Beaulieu Motorcycle World
29th June 2003
Apparently this had been going on for a few years and was well-respected as an event. I had never heard of it, but some other members in the club, (London Bikers), knew of it, and persuaded a group of us to go along. It didn't help that we got lost on the way. It appears the M27 has two ends and the person at the front of the convoy chose the wrong end to head towards.
When we eventually arrived the parking was well into the secondary back-up additional field stage and the ground was a little mushy. So much so, that an enterprising soul had blagged a load of sidestand 'pucks' from one of the magazines there to hand out to people who were not prepared for the conditions.
When I parked up a rider came over and commented that he recognised the bike. It was the Norton Rider who I had passed on the M42 coming home from Shetland only two weeks before! I didn't clock him at first, as he was on a large Kawasaki this time.
Once inside there were various club stands, much like the BMF Show, with some interesting displays. There was one for the Feet Forwards club, with Quasars, Phasers and a Carver, (fully enclosed leaning three-wheeler). Up at one end of the grounds was a trials style course, but when we got to it they had stopped for lunch.

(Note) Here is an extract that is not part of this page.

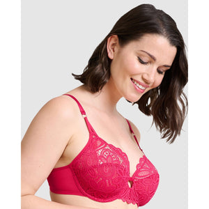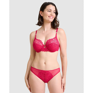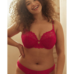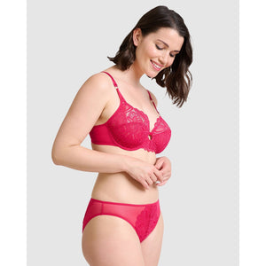 Look incredible from every angle in this sexy lace bra, featuring demi cups edged in sheer, scalloped lace, a keyhole cut out, and striking O-ring details at the back. It's a partially lined lace bra for great everyday support and comfort.

A few small marquees had lines of various older and customised machines under cover in case of rain. Usually the attraction here, apart from the old house, of course, is the Motor Museum.
The main car park is used as an arena for the weekend, with the access roads being used as part of a circuit, so various classes of bikes can be paraded before the adoring crowds. There were some other displays and suchlike as well.
The Museum can be visited on foot, but to start with, a monorail ride through the roof gives a different perspective. It also takes you over the ornate gardens, if that is your thing. The vehicles inside are varied, to say the least, some are spectacular and a few are somewhat famous, (Bluebird). Between the parades there is a purpose built cafe, for the museum, but we made use of the vans dotted around the site.
When the time came to leave, it turns out the only exit was through the gift shop - some expensive stuff in there! The club were sloping off as and when they felt like it, so it was a solo trip back, but at least I knew which end of the motorway I needed!
I returned to the event in 2006, where one fun item was a Cossack combo being driven around and around with the chair in the air, while the passenger changed the side wheel. I videoed this, with another display performance.
Hopefully this event is still occurring, but I am out of touch with that part of the country these days.